> What the task asks:
Your copy should match the listing below word for word, with no images in it.

> Data below:
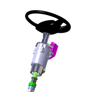 油圧式パワーステアリング搭載の商用車に組み合わせて、AD/ADASに貢献する操舵アクチュエーターです。コラム部に搭載するため、低床の商用車でも床面との干渉が発生せず床面改造に比べると小規模な改造で使用することができます。既販車を含めたあらゆる商用車のAD/ADAS対応を可能とし、自動運転レベル2に相当するレーンキープアシストにも対応するなど、商用車ドライバーの負荷軽減と安全性の向上に貢献します。
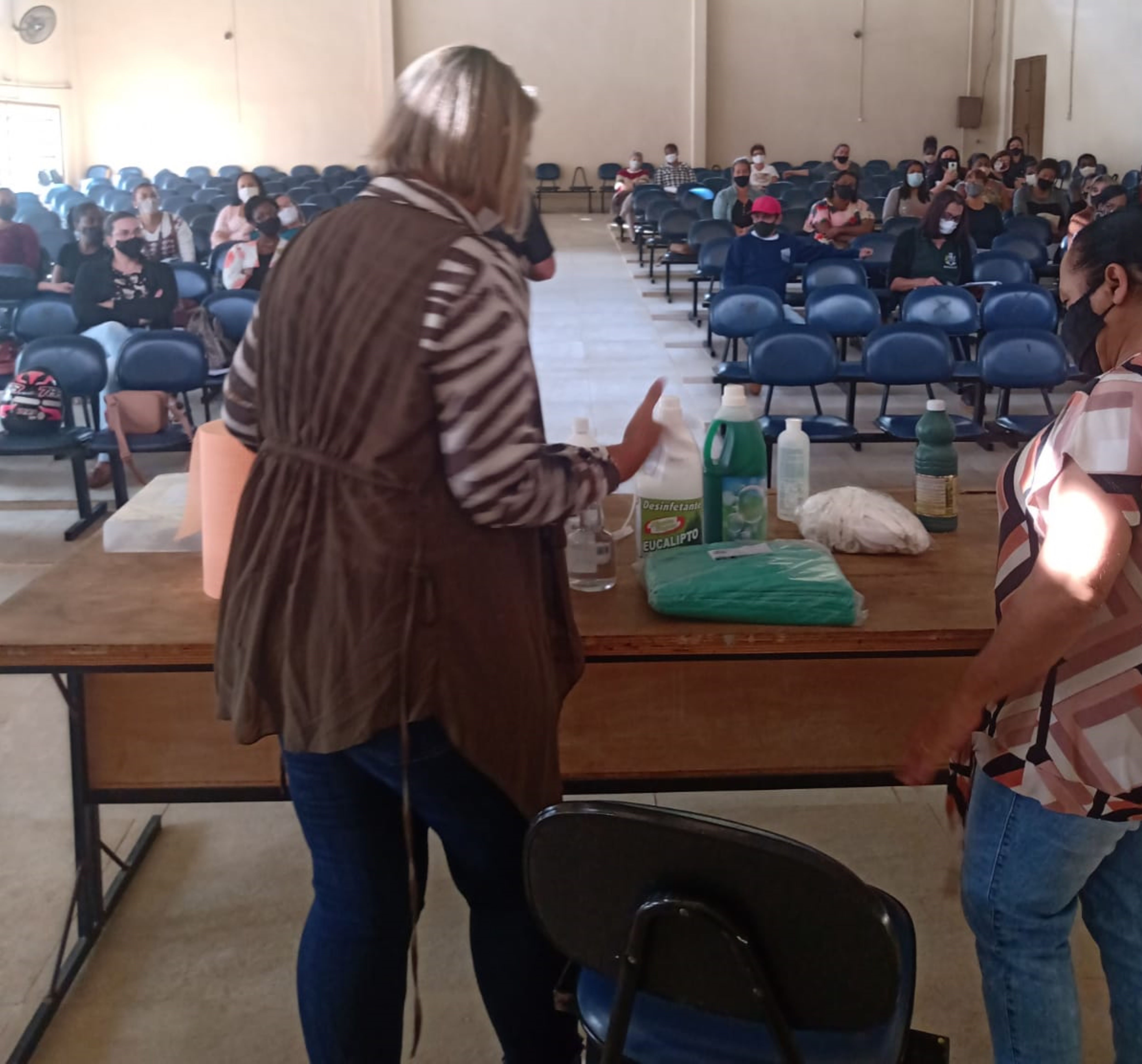 O Auditório Francisco Dornelles, no Macuco Rural Park, foi palco esta semana de uma palestra ministrada pelo coordenador da Vigilância Sanitária, Marcelo Juliano, que repassou às equipes de apoio das escolas orientações indispensáveis a serem seguidas quando as aulas forem reiniciadas. Dentre os temas abordados, destaque para as metodologias e técnicas de higienização, materiais utilizados e padronização de limpeza.
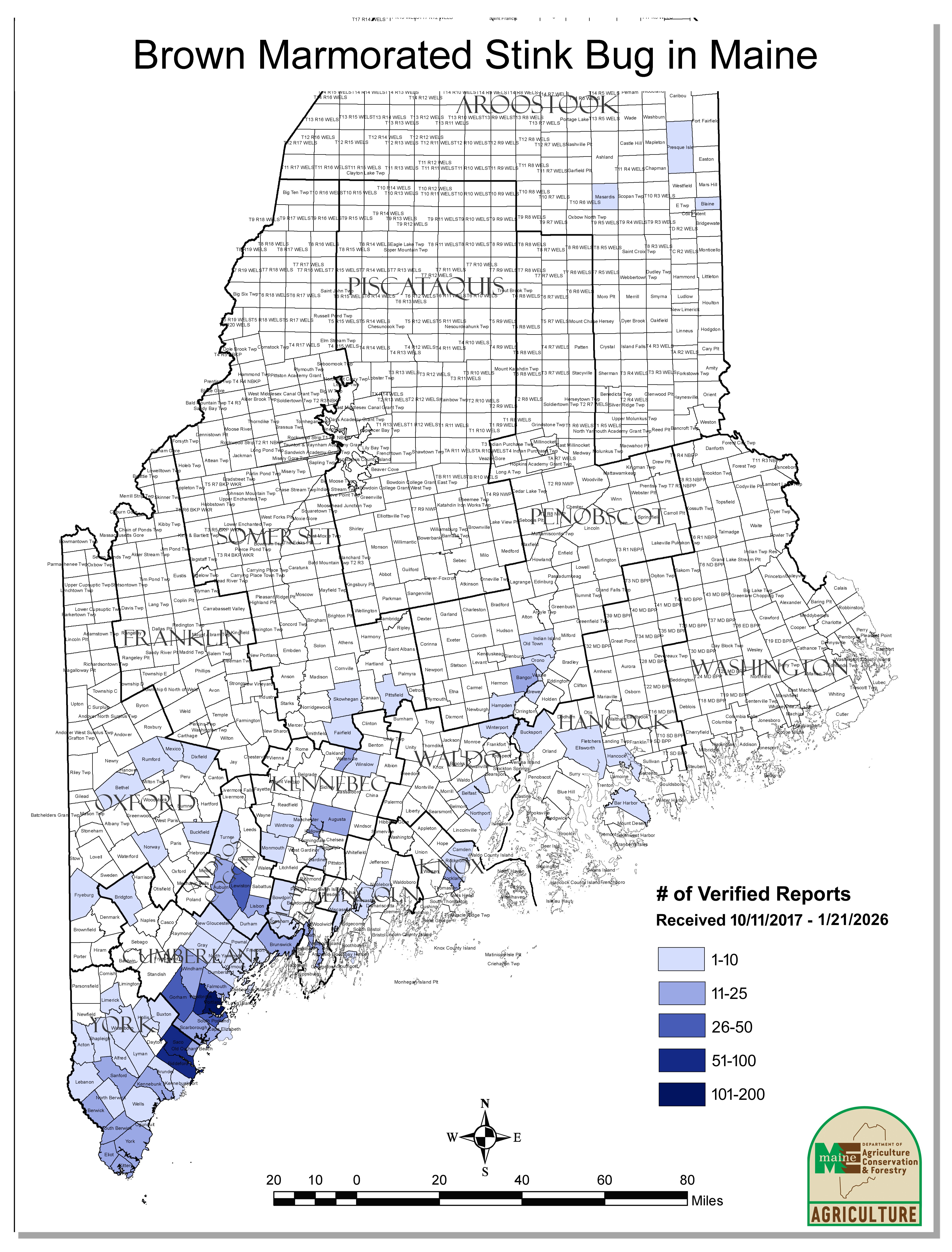 Reports of BMSB overwintering in Maine structures have been verified from 90 towns in 13 counties. Reports of overwintering populations help experts predict and prepare for subsequent potential crop damage.

> Result:
 油圧式パワーステアリング搭載の商用車に組み合わせて、AD/ADASに貢献する操舵アクチュエーターです。コラム部に搭載するため、低床の商用車でも床面との干渉が発生せず床面改造に比べると小規模な改造で使用することができます。既販車を含めたあらゆる商用車のAD/ADAS対応を可能とし、自動運転レベル2に相当するレーンキープアシストにも対応するなど、商用車ドライバーの負荷軽減と安全性の向上に貢献します。
 O Auditório Francisco Dornelles, no Macuco Rural Park, foi palco esta semana de uma palestra ministrada pelo coordenador da Vigilância Sanitária, Marcelo Juliano, que repassou às equipes de apoio das escolas orientações indispensáveis a serem seguidas quando as aulas forem reiniciadas. Dentre os temas abordados, destaque para as metodologias e técnicas de higienização, materiais utilizados e padronização de limpeza.
 Reports of BMSB overwintering in Maine structures have been verified from 90 towns in 13 counties. Reports of overwintering populations help experts predict and prepare for subsequent potential crop damage.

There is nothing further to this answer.